What you should do:
Write again exactly the lines in the listing below, starting at the line with "You are going" and ending at the line with "٣٦٥٨ - عَنْ", both included. Pictures are not copied.
-- Data under study follows --
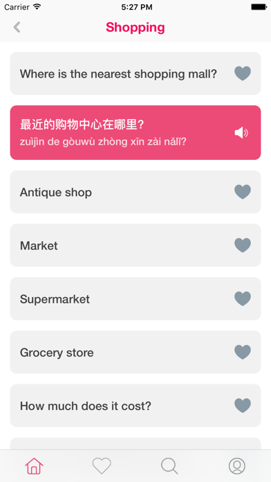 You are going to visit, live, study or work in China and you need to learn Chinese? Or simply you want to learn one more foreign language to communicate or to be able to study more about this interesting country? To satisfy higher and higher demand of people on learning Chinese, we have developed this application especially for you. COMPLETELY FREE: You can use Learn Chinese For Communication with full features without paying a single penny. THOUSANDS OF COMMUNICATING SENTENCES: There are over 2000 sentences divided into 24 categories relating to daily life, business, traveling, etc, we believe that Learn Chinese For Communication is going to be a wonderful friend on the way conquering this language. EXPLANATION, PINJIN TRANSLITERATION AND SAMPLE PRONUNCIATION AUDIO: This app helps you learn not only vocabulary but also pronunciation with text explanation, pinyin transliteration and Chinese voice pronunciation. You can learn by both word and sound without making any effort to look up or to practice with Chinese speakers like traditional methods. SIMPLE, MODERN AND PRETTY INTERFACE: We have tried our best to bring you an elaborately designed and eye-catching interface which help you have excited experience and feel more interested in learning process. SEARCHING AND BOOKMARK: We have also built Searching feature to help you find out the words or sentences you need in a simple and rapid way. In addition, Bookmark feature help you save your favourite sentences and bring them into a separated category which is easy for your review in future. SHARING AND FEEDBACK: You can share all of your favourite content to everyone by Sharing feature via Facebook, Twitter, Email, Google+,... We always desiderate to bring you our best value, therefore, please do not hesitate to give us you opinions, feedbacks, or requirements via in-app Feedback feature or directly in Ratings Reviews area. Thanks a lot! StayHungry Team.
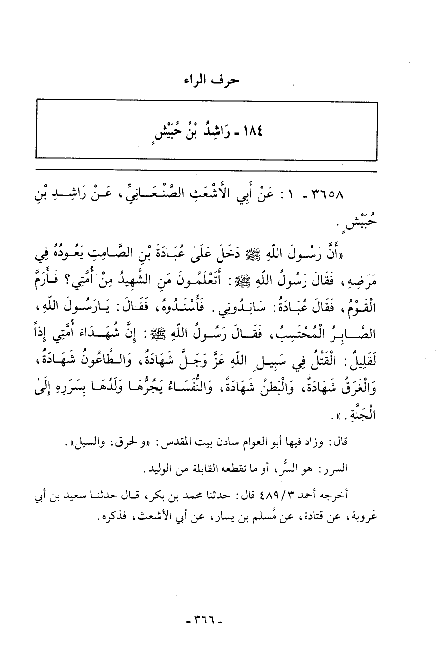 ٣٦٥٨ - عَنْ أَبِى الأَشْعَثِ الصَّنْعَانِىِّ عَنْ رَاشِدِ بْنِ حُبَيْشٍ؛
-- Data under study concluded --
-- Data under study follows --
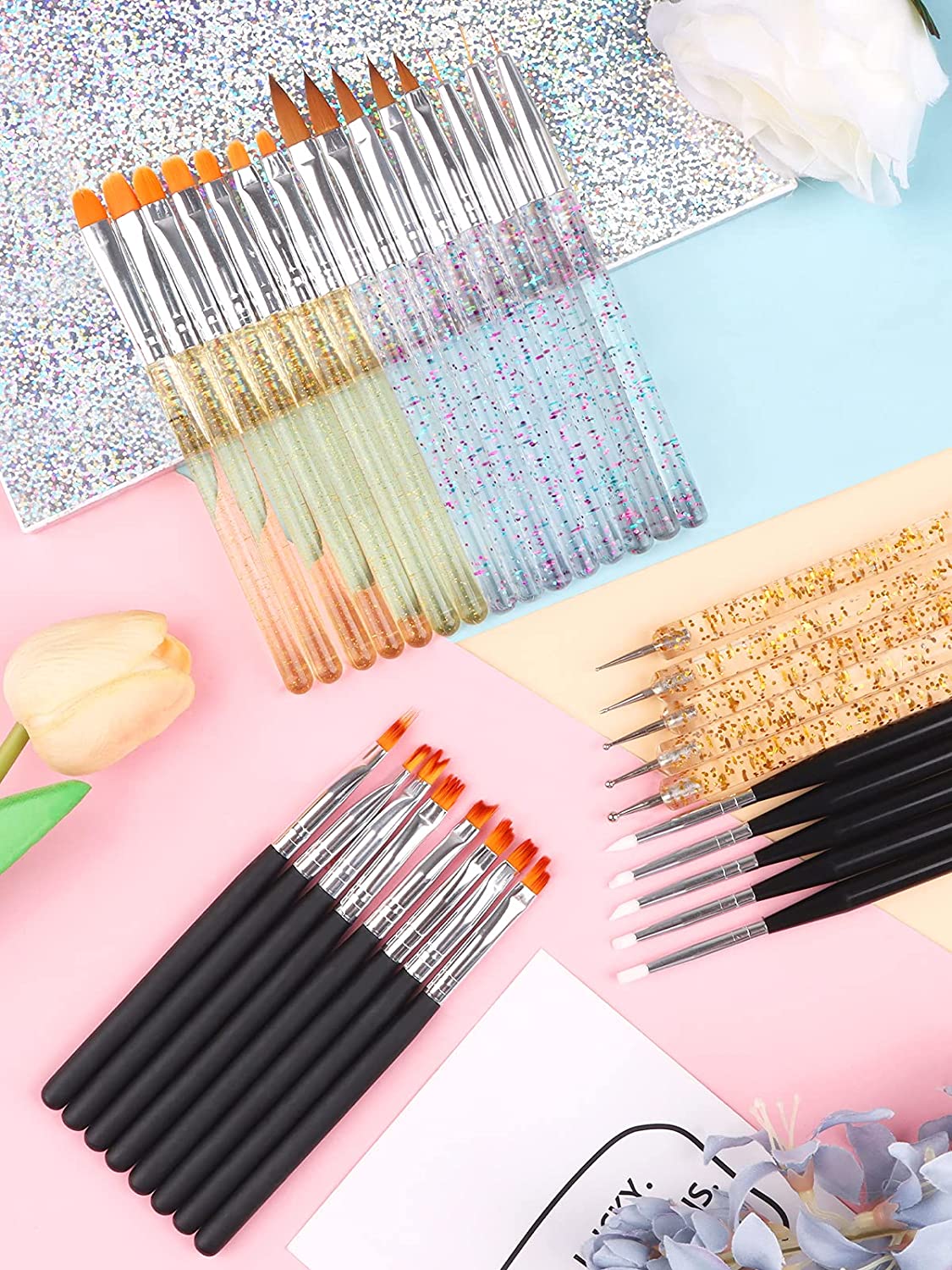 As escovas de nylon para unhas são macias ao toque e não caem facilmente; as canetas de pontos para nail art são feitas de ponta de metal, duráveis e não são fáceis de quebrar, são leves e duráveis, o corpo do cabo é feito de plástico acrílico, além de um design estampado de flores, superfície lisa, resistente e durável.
-- Data under study concluded --
Expected output:
 You are going to visit, live, study or work in China and you need to learn Chinese? Or simply you want to learn one more foreign language to communicate or to be able to study more about this interesting country? To satisfy higher and higher demand of people on learning Chinese, we have developed this application especially for you. COMPLETELY FREE: You can use Learn Chinese For Communication with full features without paying a single penny. THOUSANDS OF COMMUNICATING SENTENCES: There are over 2000 sentences divided into 24 categories relating to daily life, business, traveling, etc, we believe that Learn Chinese For Communication is going to be a wonderful friend on the way conquering this language. EXPLANATION, PINJIN TRANSLITERATION AND SAMPLE PRONUNCIATION AUDIO: This app helps you learn not only vocabulary but also pronunciation with text explanation, pinyin transliteration and Chinese voice pronunciation. You can learn by both word and sound without making any effort to look up or to practice with Chinese speakers like traditional methods. SIMPLE, MODERN AND PRETTY INTERFACE: We have tried our best to bring you an elaborately designed and eye-catching interface which help you have excited experience and feel more interested in learning process. SEARCHING AND BOOKMARK: We have also built Searching feature to help you find out the words or sentences you need in a simple and rapid way. In addition, Bookmark feature help you save your favourite sentences and bring them into a separated category which is easy for your review in future. SHARING AND FEEDBACK: You can share all of your favourite content to everyone by Sharing feature via Facebook, Twitter, Email, Google+,... We always desiderate to bring you our best value, therefore, please do not hesitate to give us you opinions, feedbacks, or requirements via in-app Feedback feature or directly in Ratings Reviews area. Thanks a lot! StayHungry Team.
 ٣٦٥٨ - عَنْ أَبِى الأَشْعَثِ الصَّنْعَانِىِّ عَنْ رَاشِدِ بْنِ حُبَيْشٍ؛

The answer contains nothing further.